Confusion and chaos were the words of the day when the government decided to introduce Bill 75, legislation that would never have stood up when challenged in the Supreme Court of Canada. The expense of having all MLAs spend a day in Halifax before finally backtracking and returning to the negotiating table for a third time is something that taxpayers cannot afford.
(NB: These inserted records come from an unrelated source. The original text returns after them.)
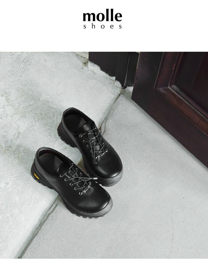 革靴はその長い歴史のなかで、必要に応じてカタチを変えて きました。その歴史のなかで磨かれたデザインは他にはない 魅力がありますが、しかし同時に現在の世の中で求められるのは、 歩きやすく、軽く、着脱しやすい、シーンを選ばずいつでも履ける、 そんな革靴です。歴史ある靴には、これらの要素が欠けているのも また事実です。そこで伝統的な革靴のデザインに敬意を払いながら、 同時に現在の靴に求められる要素を詰め込みました。 ブランド名であるmolle (モール)という言葉には2つの意味が 込められており、様々なミッションに対して装備を最適化 するためにアメリカ軍が開発した通称MOLLE(モールシステム)、 ラテン語で「快適」を意味するmolle(モッレ)。 molle shoes は伝統的な見た目でありながら、軽く着脱しやすい 新しいシューレースレスシューズを提案していきます。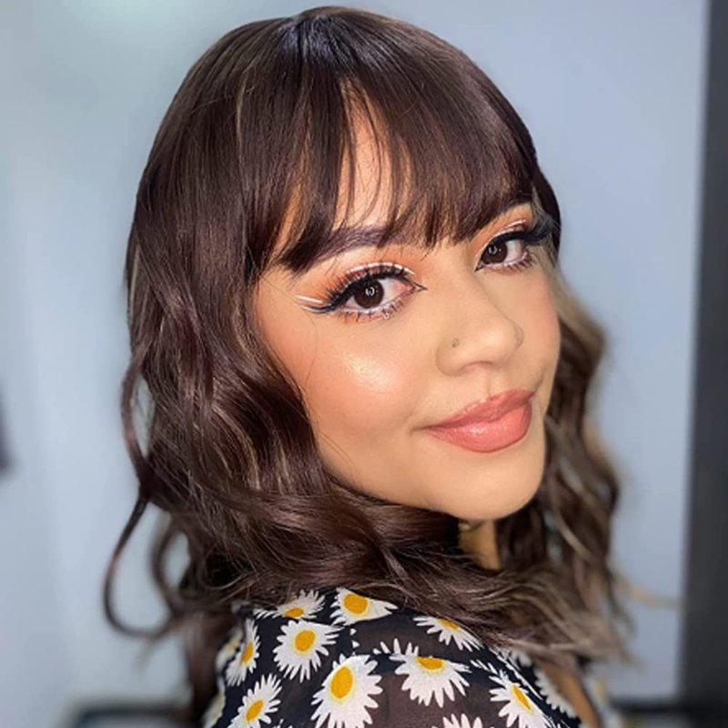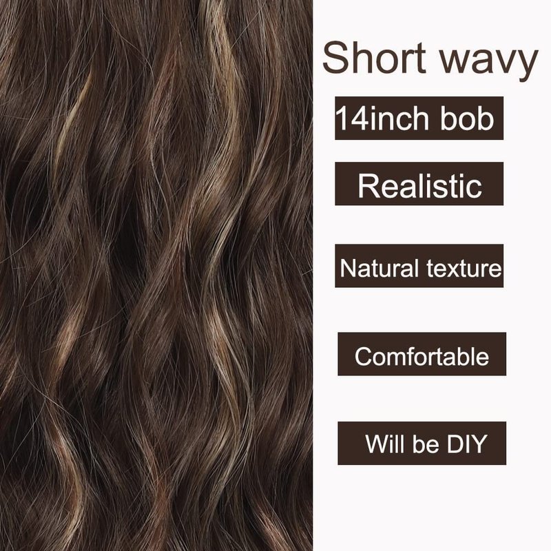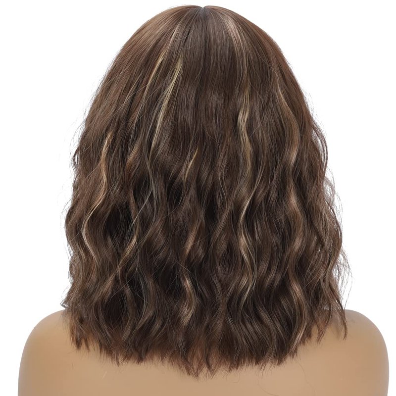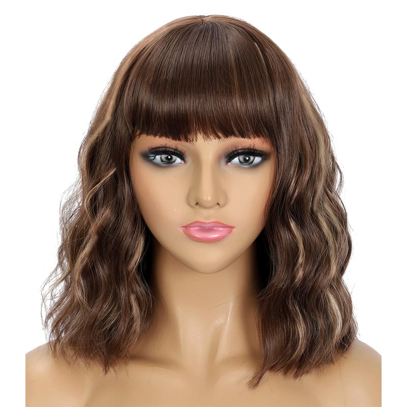 - 🤩.Realistic Wigs for Women Widely Use: This short wavy bob wig with bangs suitable for all face shapes.Short curly bob wigs usually has longer length, that you can cut as the style your like. Shoulder length brown highlights wigs for women can help you to make a prefect look for daily, wig party, dance, cosplay.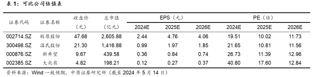维持公司“增持”评级。考虑到猪价波动情况,预计公司2024-2026年归母净利润分别为173.67/192.68/98.05亿元,EPS分别为3.18/3.53/1.79元,对应PE为15.01/13.52/26.58倍。根据生猪养殖行业可比上市公司市盈率情况,给予公司2024年23X PE,目前公司仍有估值扩张空间。考虑到公司龙头企业的规模优势和屠宰板块的业绩增长空间,维持公司“增持”的投资评级。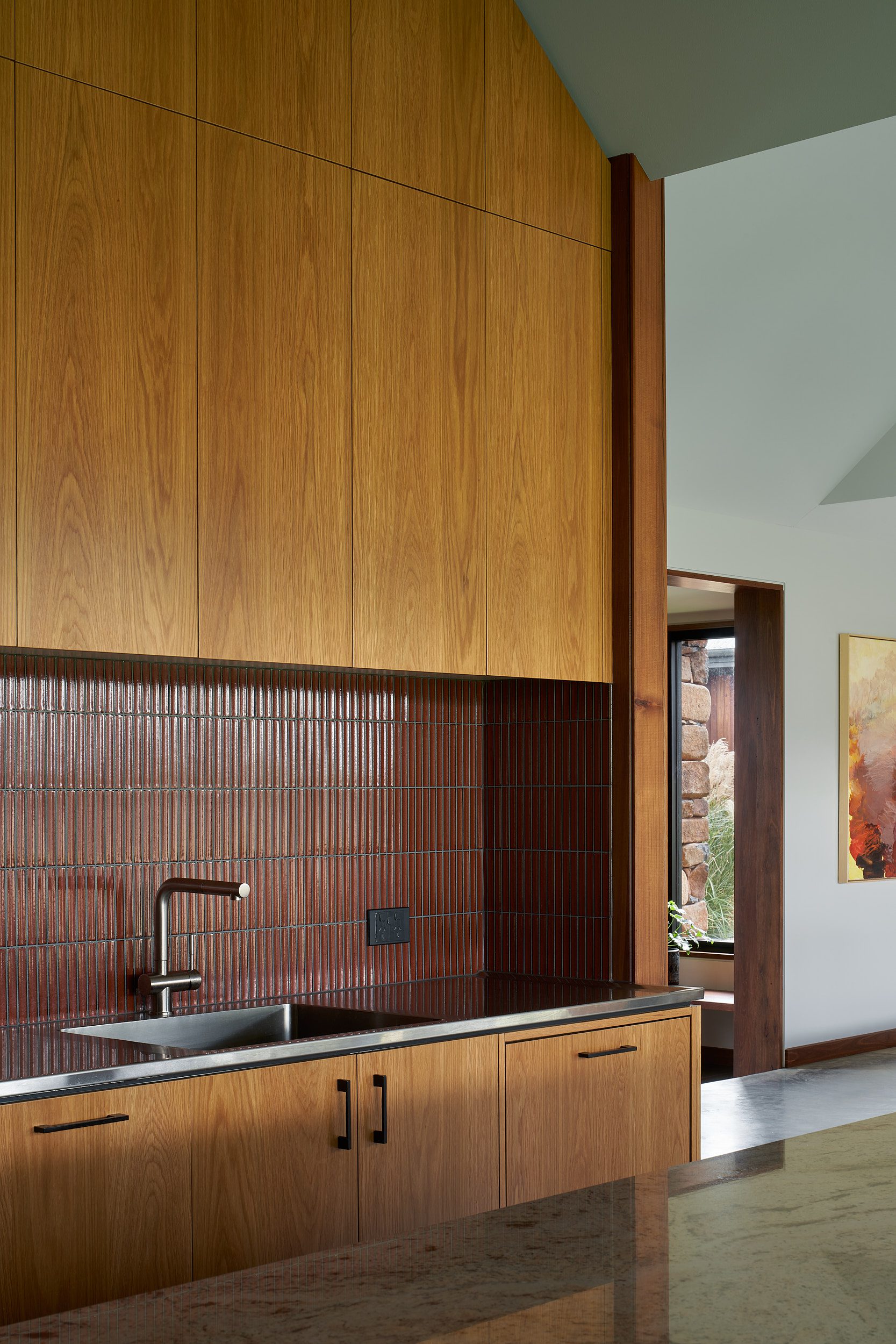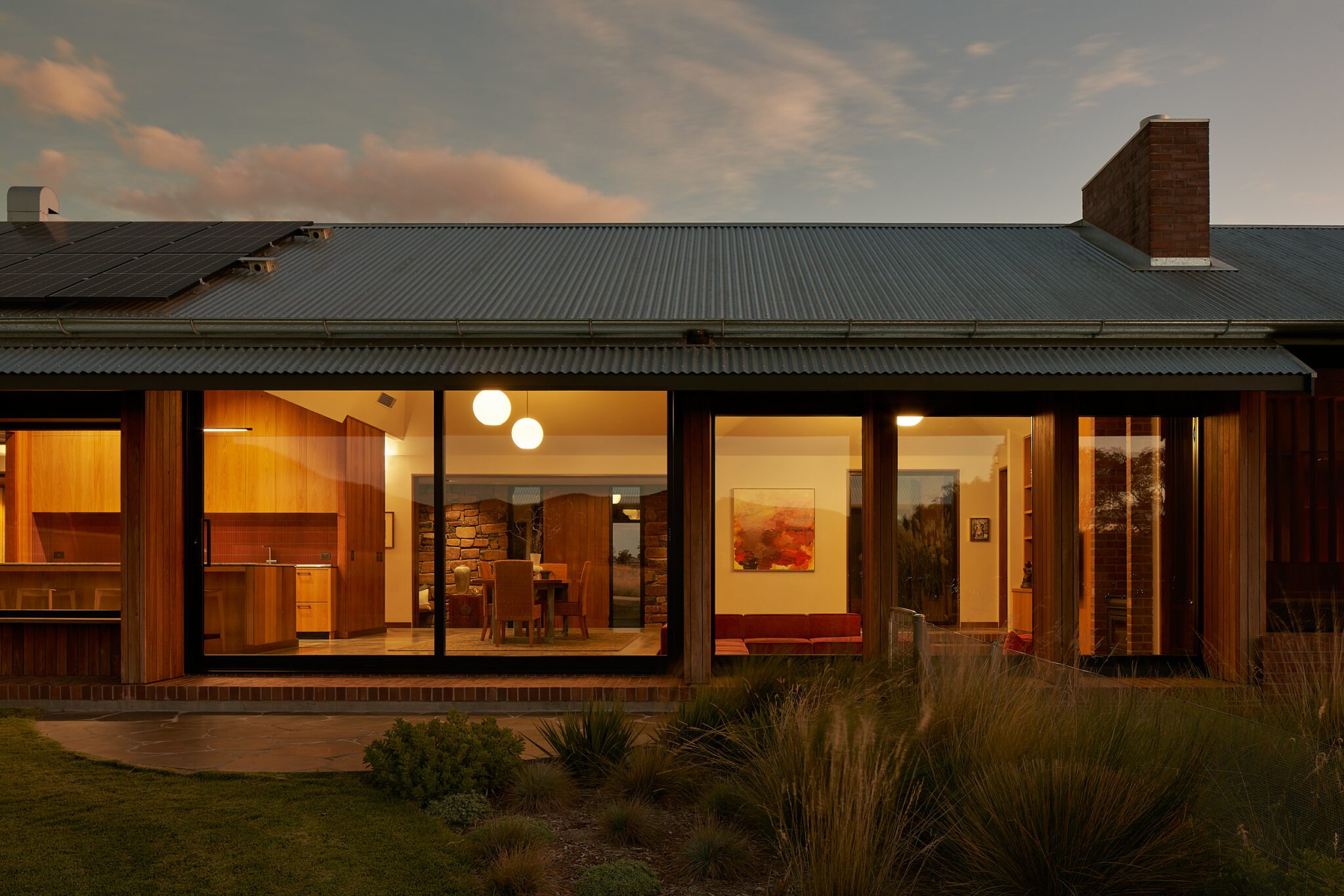 Architektura domu nawiązuje do języka gospodarczego – wykorzystano metal, drewno i kamień. Dach o matowym, srebrzystym odcieniu oraz ciemne panele elewacyjne sprawiają, że bryła wtapia się w otoczenie, a drewno ironbark dodaje jej naturalnego charakteru. Wnętrza rozróżniono pod względem funkcji – „wewnętrzne” wykończono tynkiem, drewnem i płytkami, a „zewnętrzne” przestrzenie podkreślono cegłą, kamieniem i drewnem.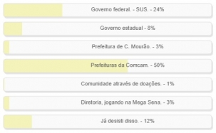 "Quem deve ajudar mais para resolver o problema financeiro da Santa Casa de Campo Mourão?" Enquete encerrada neste domingo deu vitória à alternativa "Prefeituras da região", com 50% dos votos. "Governo federal - SUS" ficou em segundo, com 24%. "Já desisti disso" teve 12%. O resultado completo está no quadro acima.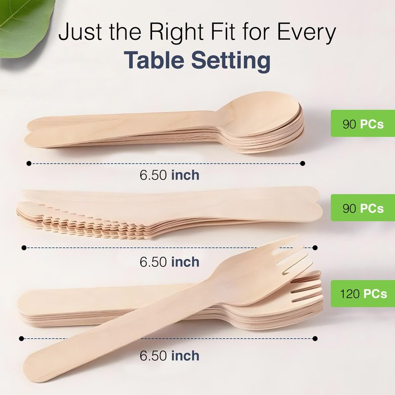 - 𝟏𝟎𝟎% 𝐁𝐢𝐨𝐝𝐞𝐠𝐫𝐚𝐝𝐚𝐛𝐥𝐞 𝐖𝐨𝐨𝐝 𝐂𝐮𝐭𝐥𝐞𝐫𝐲: Enhance your table setting with the natural aesthetics of our biodegradable cutlery, including wood forks, disposable knives, and compostable spoons, perfect for dishes like turkey, waffles, and pudding.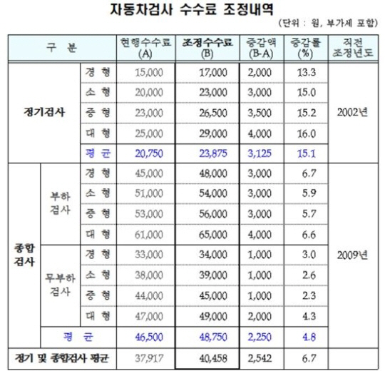 교통안전공단은 지난 2002년 이후 국민부담을 고려해 자동차검사 수수료를 동결했으나, 그 동안 큰 폭의 물가인상 등 원가상승 요인이 발생해 수수료를 올리게 됐다고 설명했다.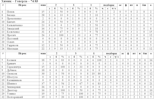 Потерпел очередное поражение в текущем чемпионате южненский «Химик», на этот раз «бело-зелёные» уступили на домашнем паркете «Говерле». Соперники начали встречу без раскачки, действуя в основном на встречных курсах. Такая игра не может не нравится болельщикам, так как в ней присутствует скорость, множество ярких моментов и набранных очков. Первая четверть завершилась со счётом 21:23. Более убедительным, преимущество ивано-франковцев стало во второй десятиминутке, когда Ульянко и Колмен просто забросали корзину «Химика». Залогом успеха подопечных Мурзина стала защита, а вернее защитная схема, которую использовали ивано-франковцы. «Медведи» «стали» зоной, а южненцам никак не удавалось разбить оборонные редуты гостей. Первая поливина закончилась со счётом 29:45, что уже свидетельствовало о тотальном превосходстве «Говерлы». В оставшееся время ликвидировать такое отставание хозяевам паркета так и не удалось, все попытки Кольченко и Протича были тщетны и «жёлто-зелёные» с лёгкостью довели встречу до победы.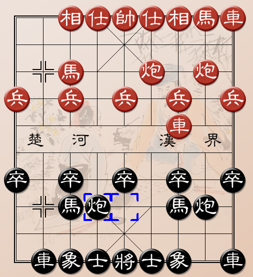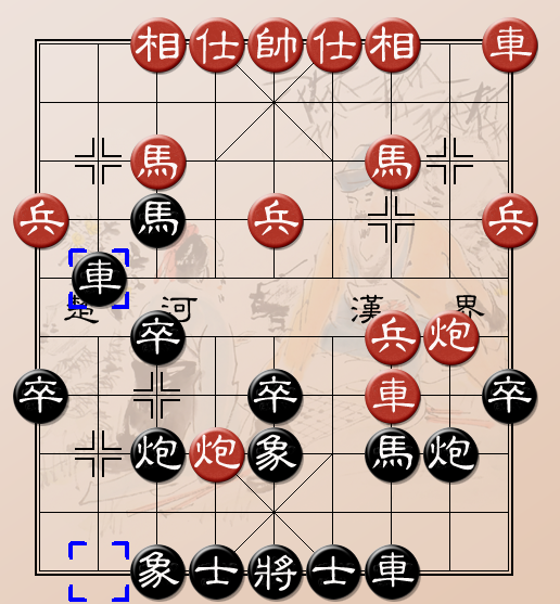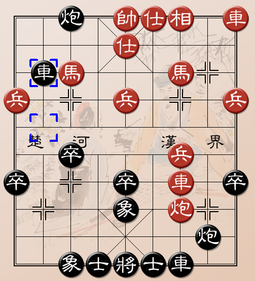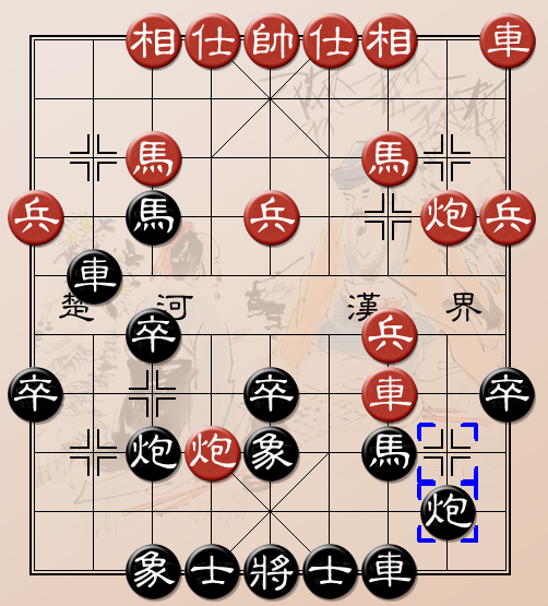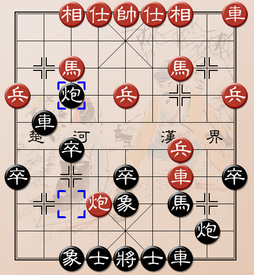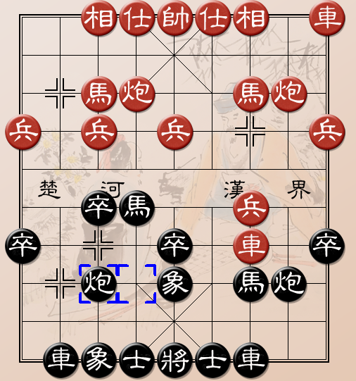 Đến đây đỏ chỉ còn cách cắm pháo bắt mã. Ta thăng xe lên kiểm soát bờ sông của đỏ không cho phép đỏ tương lai nhảy mã lên.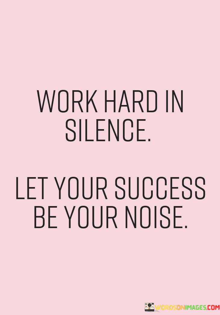 In essence, the quote promotes a mindset of dedication and modesty. It encourages individuals to prioritize consistent hard work over seeking external recognition. By channeling their energy into meaningful work and allowing their achievements to shine, individuals can achieve a level of success that speaks volumes without the need for boastful announcements.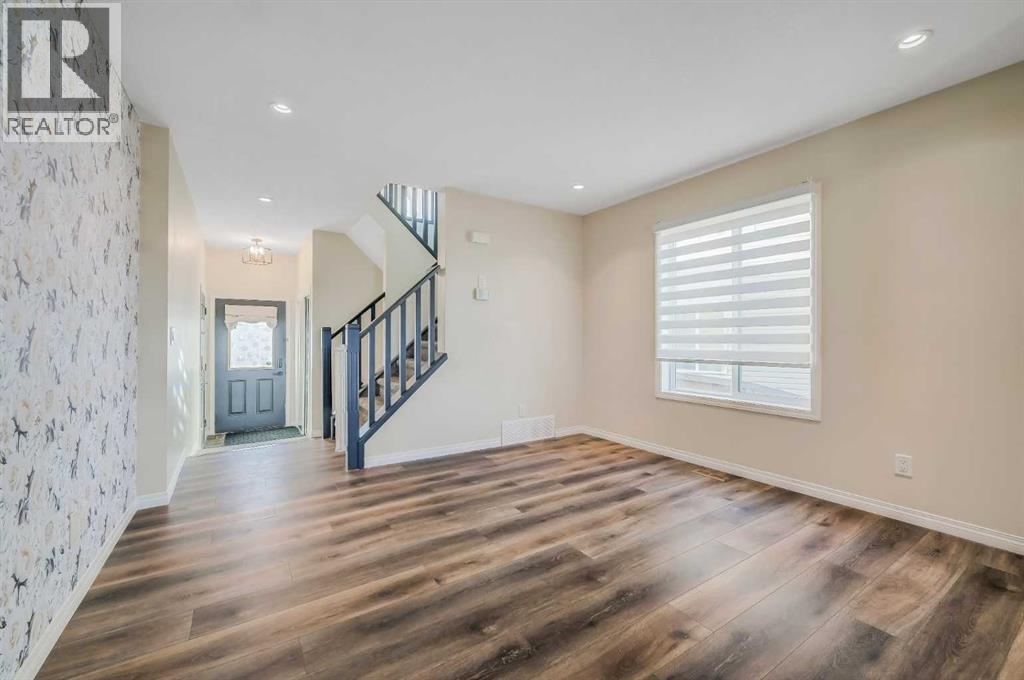 Not a condo property and no condo fees! Own your land with this updated 2 storey walkout home in Westmere under $500K! Modern open plan with spacious kitchen & many bright windows. Unobstructed views over the prairies behind and complete privacy. Stainless steel appliances, granite countertops & central island, with ample cabinet space & corner pantry. Upgraded durable vinyl plank flooring throughout the main level. 3 generous bedrooms up including oversized primary bedroom with 2 full bathrooms & great storage. Front bonus room rarely available in a duplex or townhome style layout! Soaring vaulted ceilings & ample room for a media/family room. Convenient second floor laundry. Undeveloped walkout basement with separate entrance leading to private, well sized rear yard. All the rooms, size, & amenities of a large more expensive home in an affordable turnkey package! Fully insulated attached garage with additional parking pad out front. Enjoy the rich amenities of Westmere including a winding network nature focused pathways and only 1 block walking distance to Chestermere Lake! One of the closest locations to all the amenities, shops, restaurants, & schools of Chestermere with a quick escape on the Trans-Canada to Calgary. Immense value in Chestermere! (id:58070)

This is money that would have been better spent in the education budget.

Unfortunately, it’s not only the negotiations with the teachers that the Liberal government and Department of Education has mismanaged.  On November 30, Auditor General Michael Pickup tabled his fall report and it revealed that although a number of schools are under review, including the three Pictou schools and NRHS in Alma, a new $21 million school has been approved for Eastern Passage despite no data supporting it.  Four additional projects, worth $63 million, were also approved by the Liberal cabinet, despite being ranked lower in need as compared to some other schools in the province.  Two of these are new P-12 schools to be located in Minister Karen Casey’s riding of Colchester North and Premier Stephen McNeil’s riding of Annapolis, both approved without a school review process.
Perhaps the SOC should consider a request for a new P-12 school as an option for the Town of Pictou in its presentation to the Chignecto Central Regional School Board.

The irresponsible direction this government is leading us demonstrates a lack of a real strategy for effective classroom reform and questionable decision making when spending tax payers’ money in regards to education.  I have spoken with too many teachers, parents and students who tell me that the current system is not working.

It is time to get back to the negotiating table, it is time to dig our heels in and focus on classroom reform, it is time to remember this is taxpayers’ money that is being spent, and it is time to put children first.